Without any pictures, print exactly the lines that run from the start of the data through the line containing "Електрична сушарка для".

» DATA SECTION:
☆ ☆ ☆ ☆ ☆
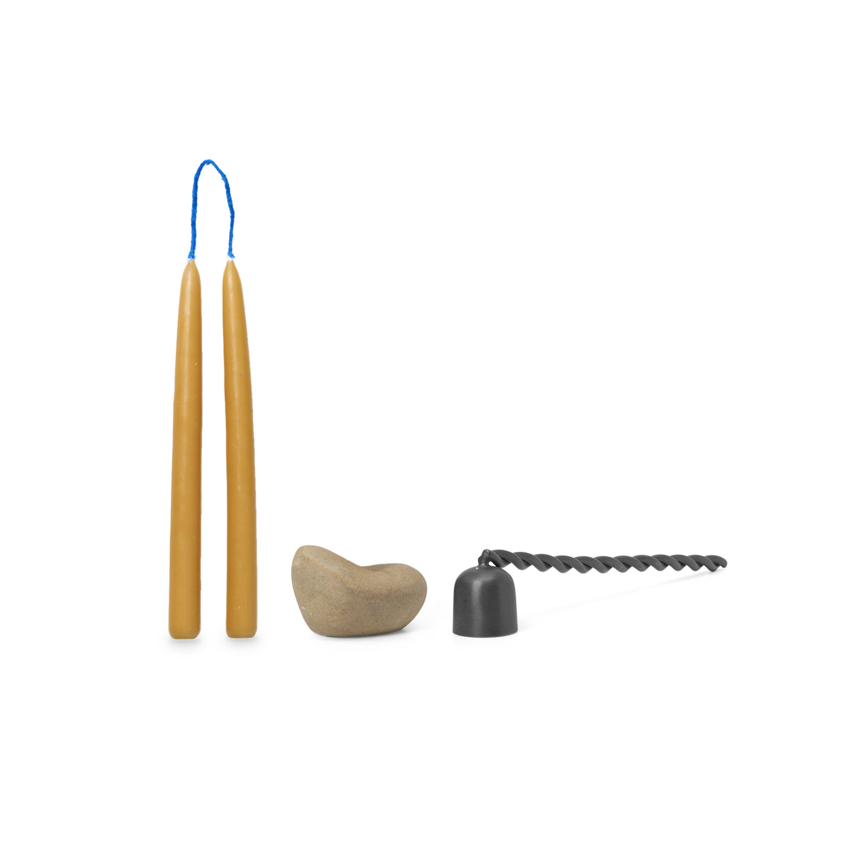 Zestaw do świec Libre to elegancki sposób na zatrzymanie się w codziennym pośpiechu i stworzenie chwili spokoju oraz refleksji. Zachęca do celebrowania drobnych momentów wytchnienia. W zestawie znajduje się mały, organicznie uformowany świecznik z ceramiki, cztery zanurzone świece parafinowe z charakterystycznym niebieskim knotem oraz stylowe gasidło wykonane z czarnego mosiądzu. Całość zapakowana jest w eleganckie pudełko prezentowe, dzięki czemu zestaw doskonale nadaje się na upominek dla bliskiej osoby.
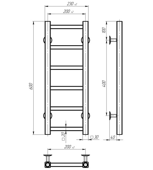 Електрична сушарка для рушників Deffi Forest П6 200х600 праве підключення JD04 чорний A.FR.60.20.6.E.B.R.2
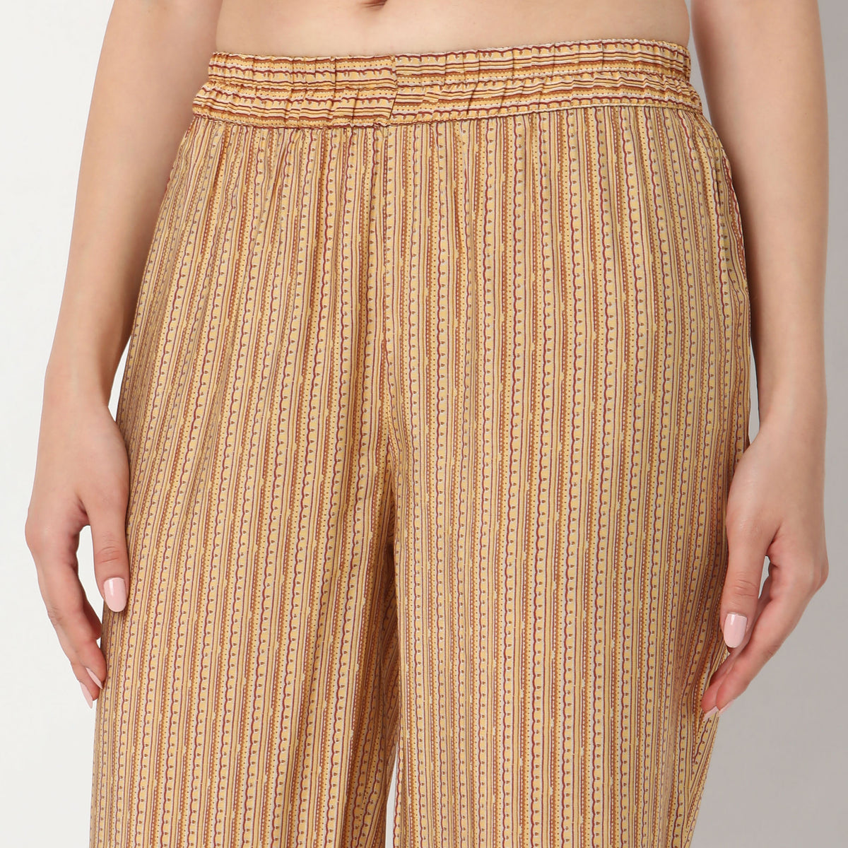 This kurta set has a round neck,three-fourth sleeve and printed detail. Made from viscose polyester, it is soft and comfortable to wear.
☆ ☆ ☆ ☆ ☆
» WRITTEN SOLUTION:
 Zestaw do świec Libre to elegancki sposób na zatrzymanie się w codziennym pośpiechu i stworzenie chwili spokoju oraz refleksji. Zachęca do celebrowania drobnych momentów wytchnienia. W zestawie znajduje się mały, organicznie uformowany świecznik z ceramiki, cztery zanurzone świece parafinowe z charakterystycznym niebieskim knotem oraz stylowe gasidło wykonane z czarnego mosiądzu. Całość zapakowana jest w eleganckie pudełko prezentowe, dzięki czemu zestaw doskonale nadaje się na upominek dla bliskiej osoby.
 Електрична сушарка для рушників Deffi Forest П6 200х600 праве підключення JD04 чорний A.FR.60.20.6.E.B.R.2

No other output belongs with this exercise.